Manufacturing. To meet our semiconductor wafer customers needs worldwide, we have established a global manufacturing network consisting of nine manufacturing facilities as of December 31, 2009. In an effort to reduce manufacturing costs and to shift manufacturing to locations closer to our customers, in 2009 we committed to terminate certain manufacturing in St. Peters, Missouri and Sherman, Texas. We intend to stop all wafer production at the St. Peters plant by the end of 2010 and all crystal and epi production at that plant by the end of the first half of 2011. We intend to cease production of silicon crystal ingots and wafers at our Sherman, Texas plant and phase out all production at that plant by the first quarter of 2011. After this phasing out, we intend to sell the Sherman, Texas facility. We plan to transfer these operations to our new semiconductor wafer manufacturing facility in Ipoh, Malaysia. We intend to complete construction on this facility and commence shipments from this facility in late 2010. MEMC corporate headquarters, research and development and advanced SOI manufacturing operations are expected to continue at the St. Peters facility.

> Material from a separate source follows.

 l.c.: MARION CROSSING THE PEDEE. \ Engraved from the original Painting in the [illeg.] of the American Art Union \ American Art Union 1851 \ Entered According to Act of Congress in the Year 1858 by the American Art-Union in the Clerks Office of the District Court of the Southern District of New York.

Our monocrystalline wafer manufacturing process begins with high purity polysilicon. The polysilicon is melted in a quartz crucible along with minute amounts of electrically active elements such as arsenic, boron, phosphorous or antimony. We then lower a silicon seed crystal into the melt and slowly extract it from the melt. The resultant body of silicon is called an ingot. The temperature of the melt, speed of extraction and rotation of the crucible govern the size of the ingot, while the concentration of the electrically active element in the melt governs the electrical properties of the wafers to be made from the ingot. This is a complex, proprietary process requiring many control features on the crystal-growing equipment.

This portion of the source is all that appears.